# WHAT NEEDS TO BE DONE
Using the material below, print a verbatim copy of every line from the one containing "Buy_Petite Pomme_Black Cotton, Polyester" through the one containing "- Cálculo del", inclusive, and omit the pictures.

BEGIN DATA TO EXAMINE

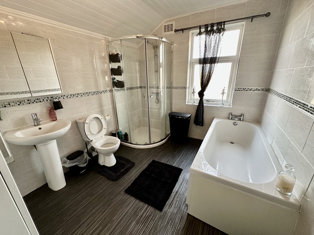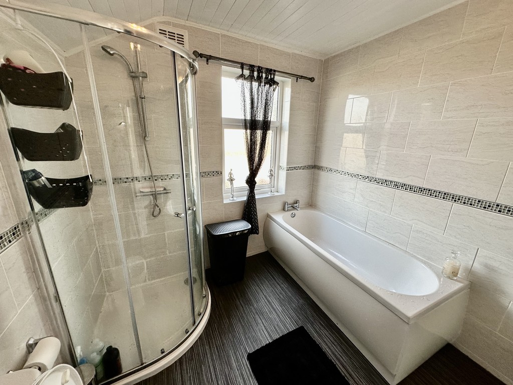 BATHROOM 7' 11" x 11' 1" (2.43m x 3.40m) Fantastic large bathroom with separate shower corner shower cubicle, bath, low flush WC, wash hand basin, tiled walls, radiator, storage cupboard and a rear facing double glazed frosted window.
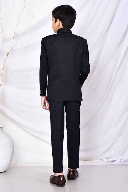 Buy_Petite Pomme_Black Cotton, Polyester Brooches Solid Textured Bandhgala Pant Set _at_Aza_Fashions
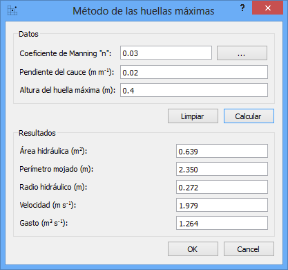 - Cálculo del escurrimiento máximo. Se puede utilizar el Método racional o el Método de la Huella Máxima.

END DATA TO EXAMINE
BEGIN DATA TO EXAMINE

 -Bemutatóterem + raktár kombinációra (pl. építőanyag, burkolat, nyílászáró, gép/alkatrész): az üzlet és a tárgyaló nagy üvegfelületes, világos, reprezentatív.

END DATA TO EXAMINE

# EXPECTED ANSWER
 Buy_Petite Pomme_Black Cotton, Polyester Brooches Solid Textured Bandhgala Pant Set _at_Aza_Fashions
 - Cálculo del escurrimiento máximo. Se puede utilizar el Método racional o el Método de la Huella Máxima.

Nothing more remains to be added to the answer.